Reading Time: 7 minutes
It was the best of times, it was the worst of times. One of the things I’ve been looking forward to in my new role is teaching. The calendar has rolled around and I was asked to teach next fall, which is really exciting. I’ll be teaching a course on law practice technology, which is also a long-time goal. A goal that was heavily intertwined with my relationship to my oldest mentor. I went to look up his address and learned he’d died this summer.

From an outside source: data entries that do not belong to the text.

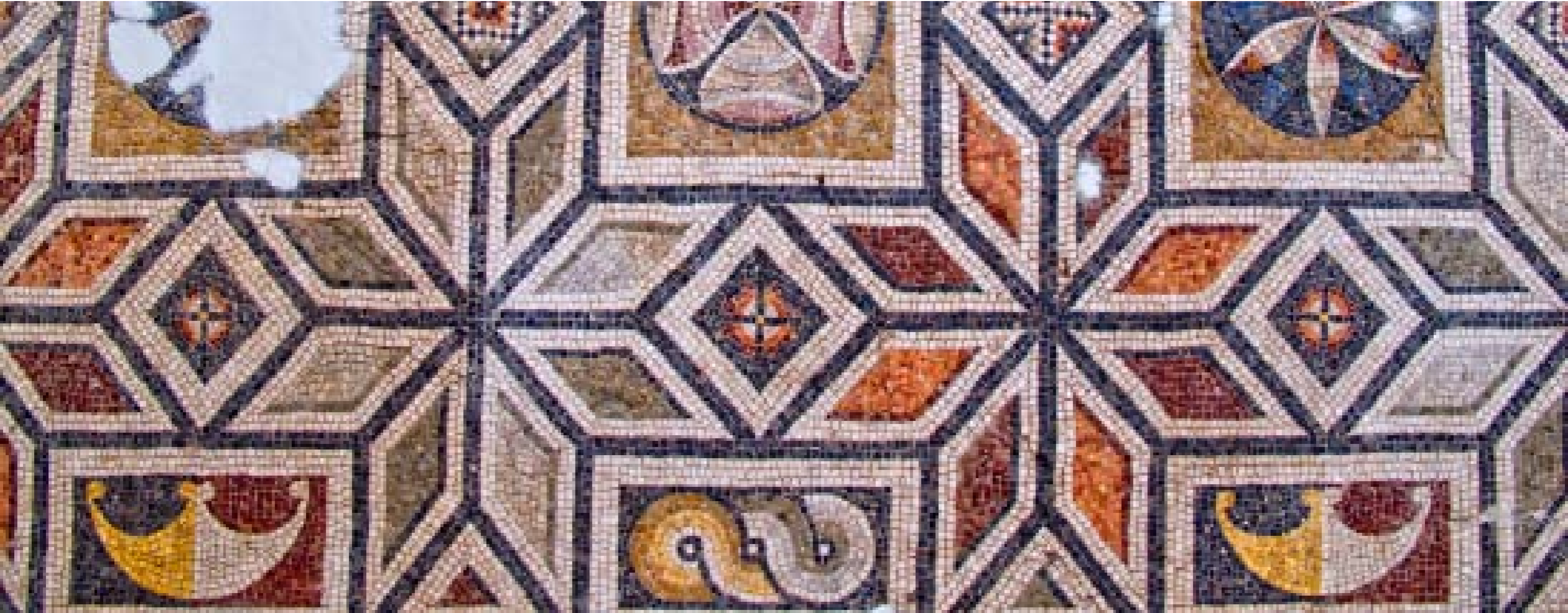
TERKEDİLMİŞ ARIADNE MOZAIĞI DETAYI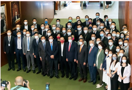
2022-10-5 交流課題包括：(a) 金融服務；(b) 土地供應及發展；(c) 房屋供應；(d) 運輸及物流；(e) 經濟發展；及 (f) 創新科技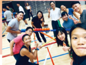
▲ 教練溝通技巧訓練課程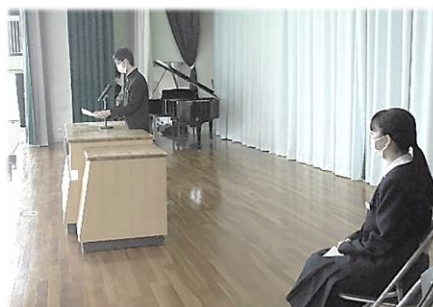
「新年度の抱負」発表の様子

令和3年度が始まりました。4/8(木)の始業式、始業式では各学年を代表して、2年〇〇さん、3年〇〇さんから、「新年度の抱負」の発表がありました。それぞれ、学習や学校生活、部活動、そして進路実現など、具体的な発表がありました。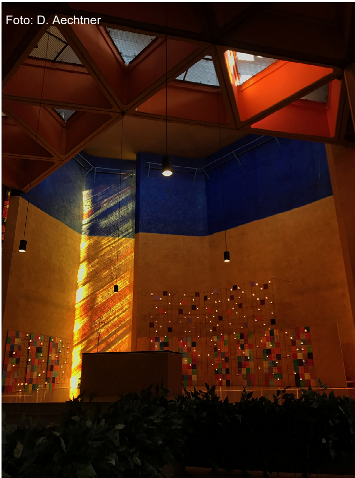
Altarraum von der Versöhnungskirche in Taizé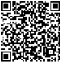
වැඩි විස්තර සඳහා කරුණාකර ඉහත QR කේතය පරීක්ෂන්න.

මෙම නඩුවේදී, කලින් හඳුනාගත් ඇතැම් සිරකරුවන් ඝාතනය කිරීමට සංවිධානාත්මක මෙහෙයුමක් දියත් වූ බව අනාවරණය වූ අතර සිරකරුවන් 27 දෙනෙකු ඝාතනය කළ අතර සිරකරුවන් හතළිස් දෙනෙකු තුවාල ලැබීය. මෙම නඩුව ද වින්දිතයන් සහ සාක්ෂිකරුවන්ට පුළුල් ලෙස බිය ගැන්වීම් සහ වූදිනයන් දේශපාලන පළිගැනීම්වලට ගොදුරු වූවන් ලෙස පෙන්වීමට උත්සාහ කර ඇත.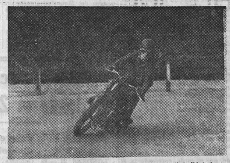
Premio de Madrid, y el circuito, antes silencioso, dejó paso a la velocidad y al ruido de nuestros tiempos. El olor de la gasolina y del ricino mandan.

Los platoonos de las motocicletas parecen ahuyentar a los pájaros que se cobijaban en sus frías umbrías. Han comenzado los entrenamientos del Gran

Ray Bishop was an extraordinarily compassionate man whose creativity burned so bright. Ray, and his partner, Don Shelton, hired me as a runner in their law firm when I was 15. Law firms were part of work life until the end of law school—including dalliances in a medical clinic, a movie theater, a frame shop, a pub, a deli—but it all started back then.
Looking Back
The files in the law office were all labeled and that’s what I learned: which folders got which labels, which papers went in which folders. Over time, I learned the highly organized filing system that Ray had devised for this small law firm (I think we had 7 lawyers and 5 paralegals, plus a couple of back office staff) was far more than labels and folders. Every client had a large binder, filled with checklists and forms that the firm used from the very first interaction with the firm. Everything that could be captured was. The binders were customized based on the type of case: automobile negligence, medical malpractice, and so on. In a bit of foreshadowing, he sold them through the local Institute of CLE (ICLE) to share his experience.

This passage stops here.